++++ Source material ++++
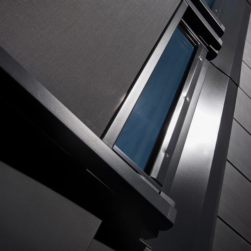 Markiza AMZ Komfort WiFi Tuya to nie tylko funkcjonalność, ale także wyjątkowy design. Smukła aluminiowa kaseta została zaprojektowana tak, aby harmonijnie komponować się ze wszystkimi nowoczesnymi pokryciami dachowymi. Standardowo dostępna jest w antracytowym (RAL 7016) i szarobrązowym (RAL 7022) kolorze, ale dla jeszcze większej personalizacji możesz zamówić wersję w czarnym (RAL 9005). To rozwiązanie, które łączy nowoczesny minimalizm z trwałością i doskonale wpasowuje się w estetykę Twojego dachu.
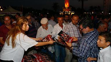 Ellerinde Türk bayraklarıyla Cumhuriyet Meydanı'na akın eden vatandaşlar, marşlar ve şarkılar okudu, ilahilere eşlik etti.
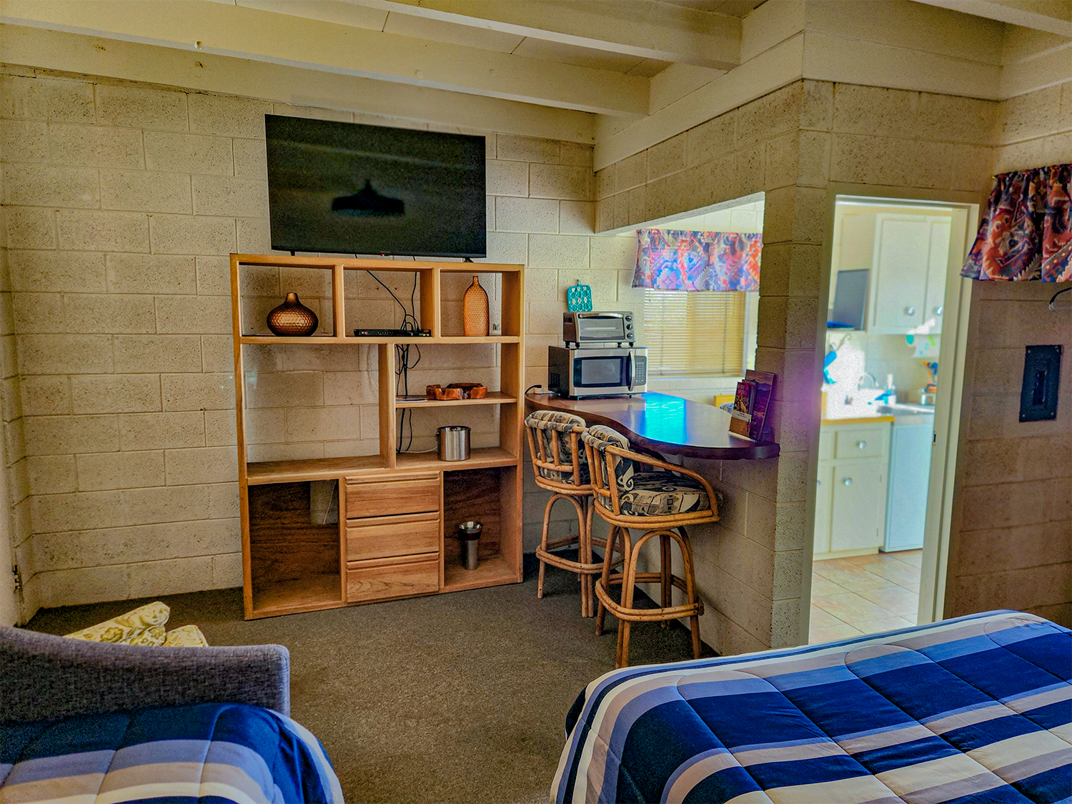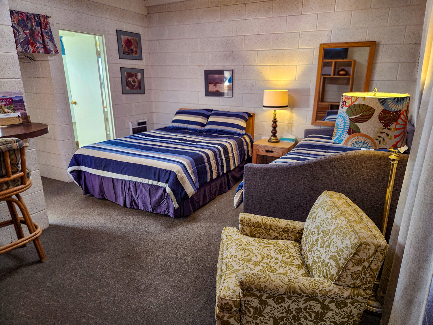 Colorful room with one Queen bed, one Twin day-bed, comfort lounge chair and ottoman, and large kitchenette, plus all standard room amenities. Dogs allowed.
++++
* _What you should do_: Set down again, exactly, the lines of the material above from its first line to the one with "Ellerinde Türk bayraklarıyla", inclusive. Leave the pictures out.

* _Answer_:
 Markiza AMZ Komfort WiFi Tuya to nie tylko funkcjonalność, ale także wyjątkowy design. Smukła aluminiowa kaseta została zaprojektowana tak, aby harmonijnie komponować się ze wszystkimi nowoczesnymi pokryciami dachowymi. Standardowo dostępna jest w antracytowym (RAL 7016) i szarobrązowym (RAL 7022) kolorze, ale dla jeszcze większej personalizacji możesz zamówić wersję w czarnym (RAL 9005). To rozwiązanie, które łączy nowoczesny minimalizm z trwałością i doskonale wpasowuje się w estetykę Twojego dachu.
 Ellerinde Türk bayraklarıyla Cumhuriyet Meydanı'na akın eden vatandaşlar, marşlar ve şarkılar okudu, ilahilere eşlik etti.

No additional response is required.